NASA wants to make a hard landing on Mars

(ORDO NEWS) — NASA has successfully landed on Mars nine times, using state-of-the-art parachutes, massive airbags and jetpacks to bring spacecraft safely to the surface. Now engineers are testing whether the easiest way to get to the surface of Mars is to crash.

Instead of slowing down the spacecraft’s high-speed descent, the experimental design for the SHIELD lander (Simplified High Impact Energy Landing Device) will use an accordion-like foldable base that absorbs impact energy.

Much of SHIELD’s design is derived from work done on NASA’s Mars sample return mission.

“If you want to land something solid on Earth, why can’t you do it on Mars too?” said Velibor Čormarkovic, a member of the SHIELD team at JPL.

“If we can make a hard landing on Mars, then SHIELD will work on planets or moons with denser atmospheres.”

To test this theory, engineers needed to prove that SHIELD could protect sensitive electronics during landing.

The team used a special turret at JPL for the test. The 27-meter tower is equipped with a sling-like launcher, with which the object is thrown to the surface at high speed.

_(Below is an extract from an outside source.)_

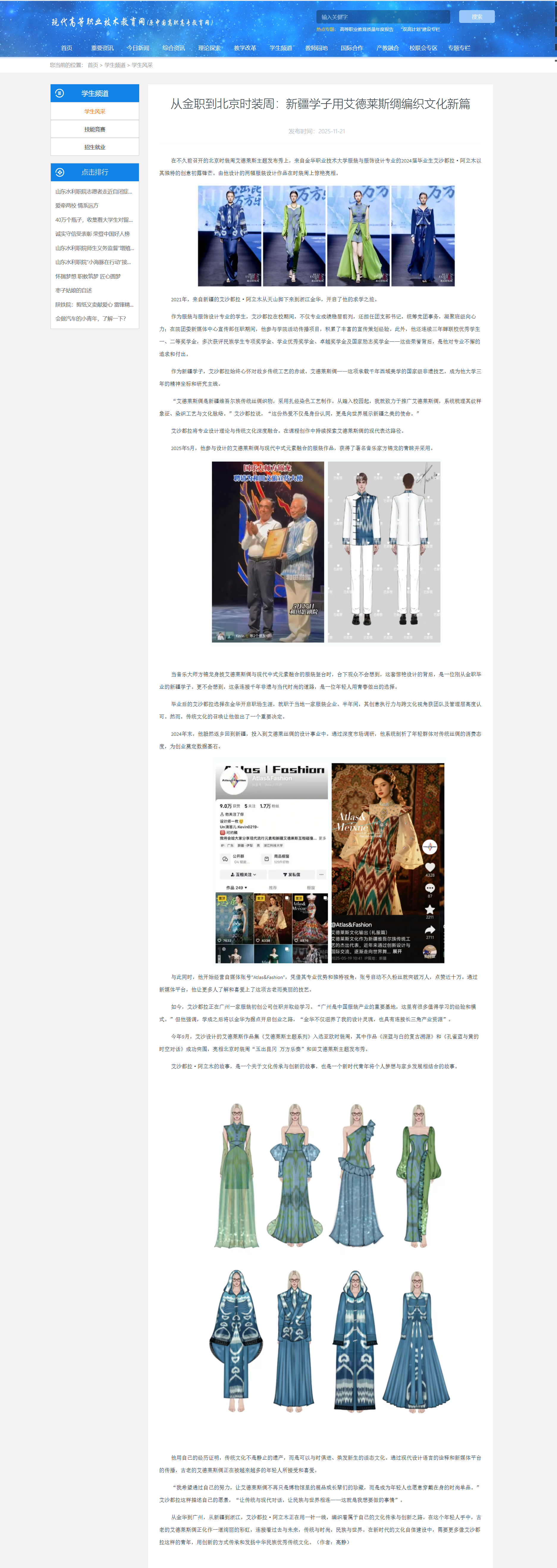现代高等职业技术教育网:从金职到北京时装周:新疆学子用艾德莱斯绸编织文化新篇

The team gathered at the tower with a full-size prototype of the SHIELD collapsible shock absorber – an inverted pyramid of metal rings that absorb impacts.

Scientists put a smartphone, radio, and accelerometer into SHIELD to mimic the electronics the spacecraft would carry.

The researchers watched as SHIELD climbed to the top of the tower. Just two seconds after lifting, the wait was over: the launcher launched SHIELD into the ground at a speed of 177 km/h.

This is the speed that the lander reaches near the surface of Mars.

Previous SHIELD tests used a dirt landing zone, but for this test, the team placed a 2-inch-thick steel plate on the ground to make the landing more rigid.

Video footage of the test shows that SHIELD hit at a slight angle, then bounced about 1 meter into the air before flipping over. The team suspects a steel plate was the cause of the rebound.

After opening the prototype and extracting the electronic payload, the team found that the onboard devices had survived.

“The only hardware that was damaged was some plastic components that we weren’t worried about,” the researchers said. “Overall, this test was a success!”